» **Collected material**
════════════════════

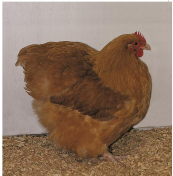
Figure 8 Ch Buff in Show & Ch Buff Bantam- Rob Callinan Hen
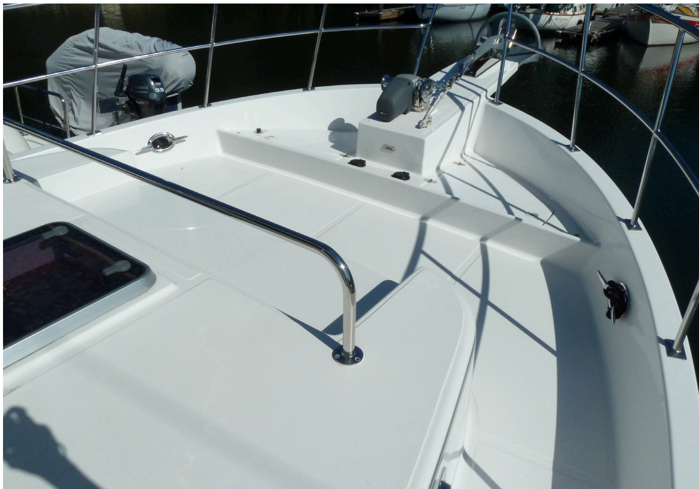
THE FOREDECK INCORPORATES A BENCH SEAT AND DEEP TWIN LOCKERS BESIDE THE WINDLASS PEDESTAL.

After an entirely dry ride, she took one or two big ones at top speed. Her high bow deflected most of the spray, the raked windows shed more of it, and the wipers quickly cleaned up the rest. But always, the ride was stable, steady and very quiet at cruise. When we turned downwind for home, the speed settled at 7.5 knots at 1,500 RPM and 2.9 GPH, a typical cruising speed in smooth water.

════════════════════

» **Requirement**
Return all the data exactly, and keep the pictures out.

» **Exercise solution**
Figure 8 Ch Buff in Show & Ch Buff Bantam- Rob Callinan Hen
THE FOREDECK INCORPORATES A BENCH SEAT AND DEEP TWIN LOCKERS BESIDE THE WINDLASS PEDESTAL.

After an entirely dry ride, she took one or two big ones at top speed. Her high bow deflected most of the spray, the raked windows shed more of it, and the wipers quickly cleaned up the rest. But always, the ride was stable, steady and very quiet at cruise. When we turned downwind for home, the speed settled at 7.5 knots at 1,500 RPM and 2.9 GPH, a typical cruising speed in smooth water.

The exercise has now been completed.